The debate continues on how Thespesia populnea (porasu/miro/milo/haiti-haiti/Portia tree) found its way out of tropical Asia to pantropical beaches around the world, but it likely reached Polynesia via human hand and that may also be the case for the Caribbean. T. populnea is considered a sacred plant in Polynesian cultures, and was often planted in sacred groves and used to make religious sculptures. T. populnea wood was also used to make at least some of the famed rongorongo tablets in Rapa Nui (also known as Easter Island), which hold mysterious glyphs inscribed with an unidentified script suggested to hold an independently invented written language that has yet to be deciphered.
T. populnea wood is now used to construct furniture, musical instruments, kitchenware and canoe paddles, etc., while the bark makes effective rope and caulk. I first encountered T. populnea on a beach in St. John, US Virgin Islands (USVI), a US territory in the Caribbean Sea. Referred to by the local name of haiti-haiti in the USVI, one can also clearly see why it is sometime referred to as the Indian tulip tree, with its impressive flowers.
Importantly for our recently published study, T. populnea has enjoyed widespread use in indigenous medicine practices across its range - it has been used for wound-healing, skin lesions and fractures, and has been studied for its antioxidant, anti-inflammatory, and bactericidal properties. T. populnea extracts are tolerated at extremely high doses (2g/kg) in rodents, in which T. populnea bark extract has also been shown to have antinociceptive effects.

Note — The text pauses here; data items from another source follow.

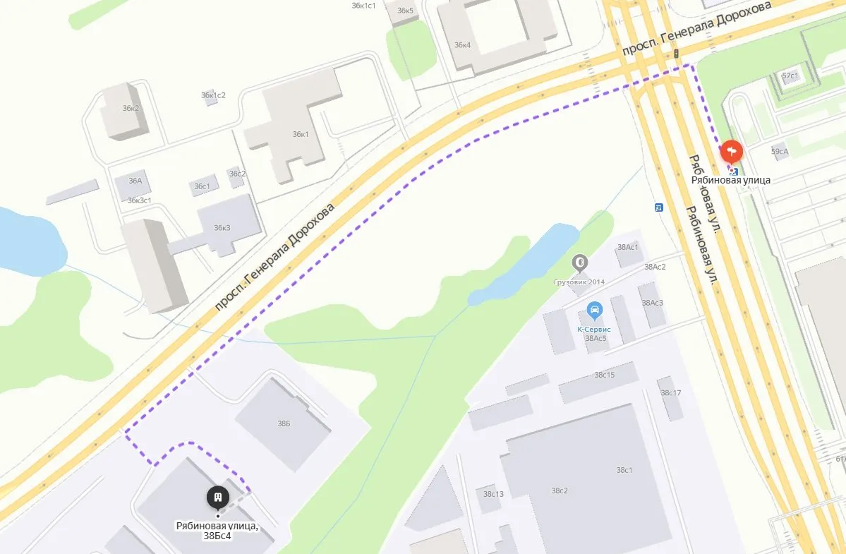 Далее на автобусе от остановки "ст. м. Озерная" двигаетесь до остановки "пр. Генерала Дорохова" . Время на автобусе ≈ 8 мин. (4 остановки).
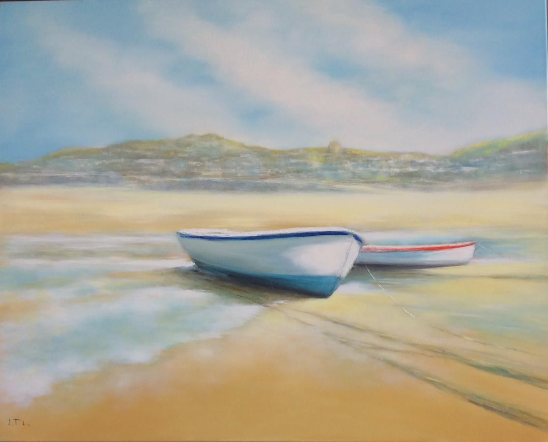Cuadro original representando una bonita vista de una playa con dos barcas y al fondo una panorámica de un pueblecito.
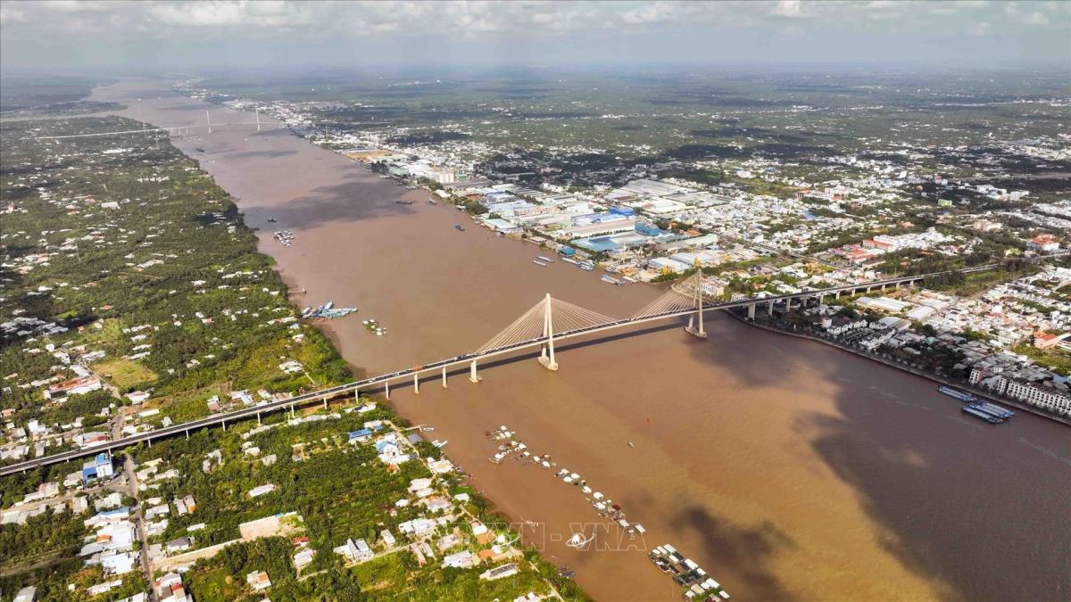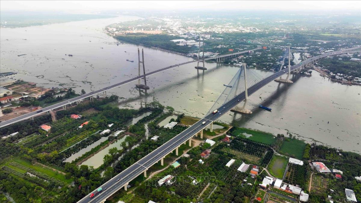 Cầu Mỹ Thuận 1 và cầu Mỹ Thuận 2 là cây cầu dây văng bắc qua sông Tiền, nối liền hai tỉnh Tiền Giang và Vĩnh Long, nằm cách Thành phố Hồ Chí Minh 125 km về hướng Tây Nam, trên Quốc lộ 1, đây là trục giao thông chính của vùng đồng bằng sông Cửu Long. Ảnh: Vũ Sinh - TTXVN
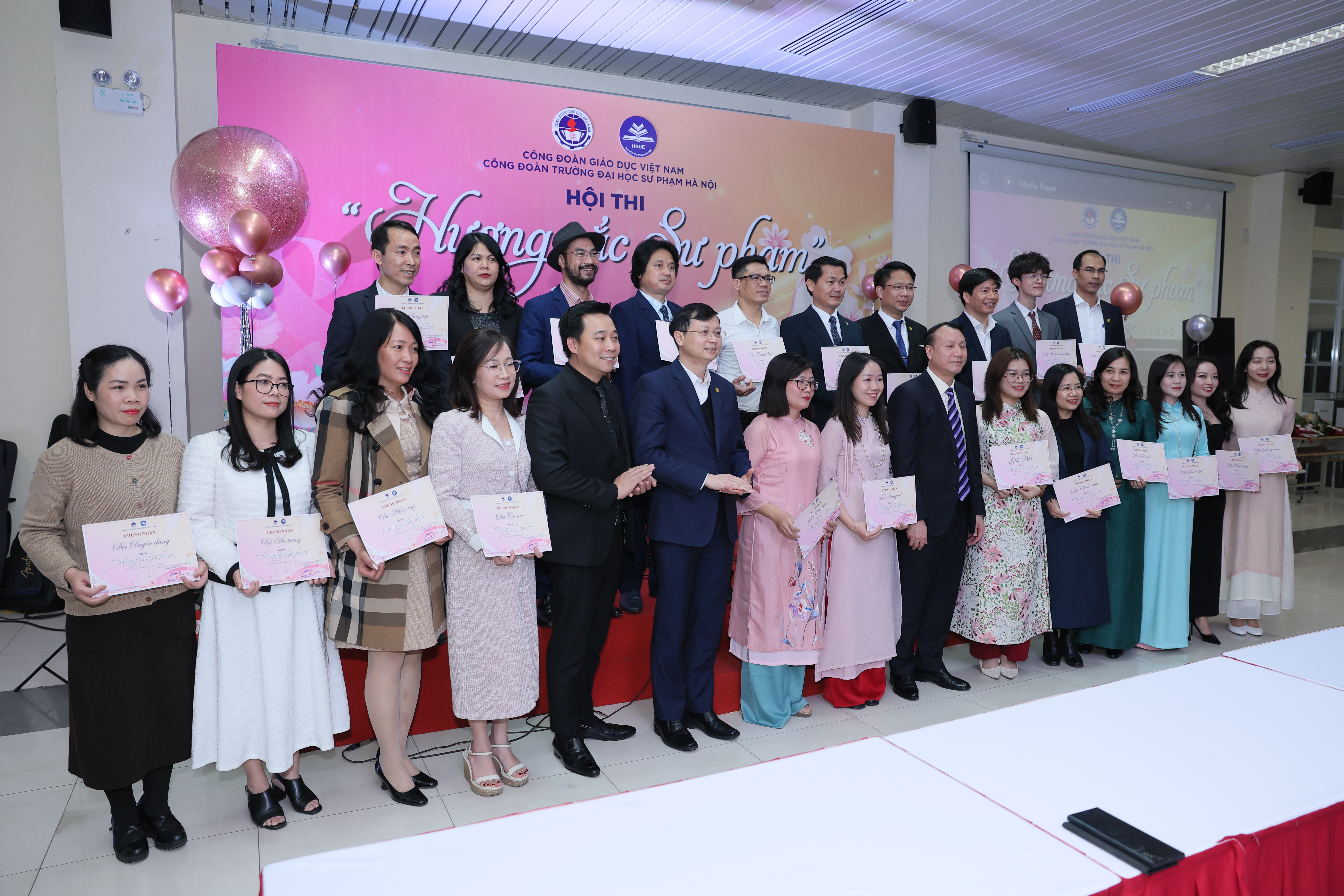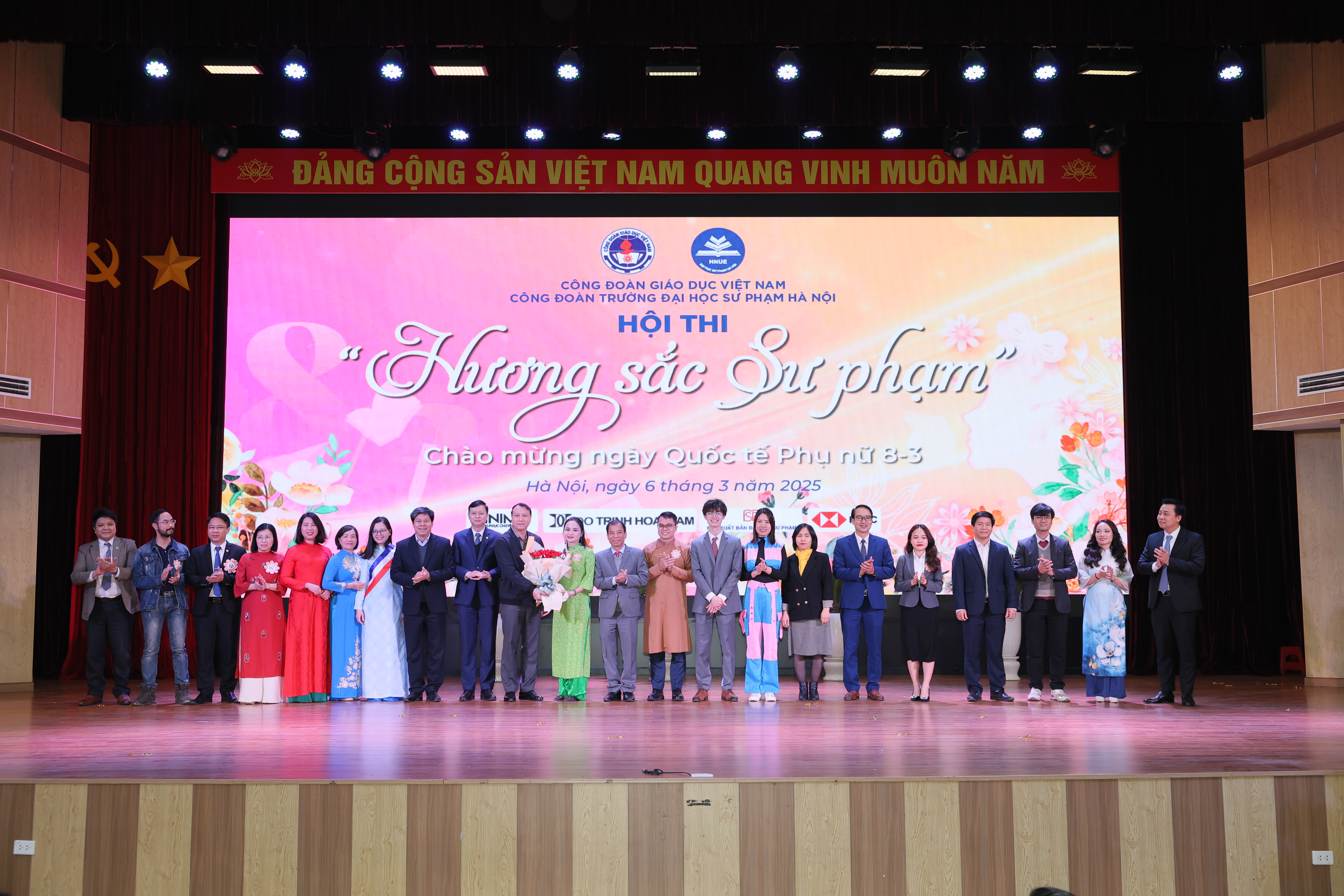 Cuộc thi “Hương sắc Sư phạm” với sự tham gia của 22 đội thi gồm các đoàn viên công đoàn đến từ 39 Công đoàn Bộ phận trong toàn trường. Điều đặc biệt của cuộc thi, một nửa trong số các thí sinh là nam giới, thể hiện sự tham gia mạnh mẽ của cả hai giới trong một sân chơi trí tuệ và sáng tạo. Cuộc thi diễn ra sôi động trong hơn 3 giờ đồng hồ với ba phần hấp dẫn: Dấu ấn rạng ngời, Chinh phục thử thách, Trí tuệ và thông thái. Đây không chỉ là một sân chơi nghệ thuật ý nghĩa, chương trình còn thể hiện tinh thần đổi mới trong tổ chức hoạt động, kết nối các đoàn viên công đoàn trong Nhà trường. Mỗi phần thi là một sắc màu riêng, tạo điều kiện để các thầy cô, đoàn viên công đoàn thể hiện tài năng, bản lĩnh và sự am hiểu sâu sắc về phụ nữ, nghề giáo, mái trường…

In a screen of 1,444 plant extracts, most of which we collected under federal permit in National Parks in California and the USVI (St. John and St. Croix) we found that T. populnea extract collected from a beach in St. John opened the neuronal Kv7.2/7.3 heteromeric voltage-gated potassium (Kv) channel that is crucial for normal neuronal excitability. Having previously found that many of our extracts contain sufficient tannic acid to open Kv7.2/7.3, and intending to find compounds other than tannic acid, we counter-screened against the immune cell Kv channel, Kv1.3, which we previously found to be inhibited by tannic acid. This led us to T. populnea and then a functional screen of the most prevalent metabolites within it revealed gentisic acid as the active component. Stunningly, gentisic acid is to our knowledge the most potent known opener of Kv7.3 (EC50 of 790 pM) and perhaps Kv7.2/7.3 (2.8 nM), which it achieves by, according to our experimentally validated docking studies, binding incredibly tightly to a tryptophan in Kv7.3 transmembrane segment 5 that is also crucial for binding of retigabine, the first-in-class Kv7.2/7.3-opening anticonvulsant. Gentisic acid is also highly Kv7 isoform selective; it does not open homomers of any of the other four Kv7 isoforms.
Figuring out how the tiny gentisic acid achieves such high potency and selectivity, even more remarkable when one considers that Kv7.2, 4 and 5 each also boast an equivalent tryptophan, could pave the way for a new chemical class of anticonvulsants, and gentisic acid itself will also be the subject of our intense further evaluation in this area. It is extremely well tolerated (up to at least 2g/kg in mice), hence its use in over-the-counter skin-whitening products for decades.
Perhaps most remarkably, gentisic acid has been hiding in plain site - it is an active metabolite of aspirin and is in many of the foods we eat, including apples, blackberries, kiwi, olives and avocados - yet it took a trip to the Caribbean and a broad screen of 1,444 plant extracts for us to discover the Kv7.3-opening potency of gentisic acid. As it turns out, Polynesians from the remote Rotuma Dependency, north of Fiji, already figured out long ago that T. populnea has anticonvulsant properties - we just uncovered the mechanism. This has been a common theme in our work - whether we are guided by the wisdom of indigenous medicine practices in targeting specific plants for study, or in this case conducting a random screen, we invariably end up reinforcing and adding mechanistic detail to what has already been found hundreds or thousand of years ago by shamans and other medicine men and women. As my lab widens its search for medicines in plants to a greater geographical range, we anticipate uncovering more complex, perhaps previously unknown plant metabolites, with further therapeutic potential.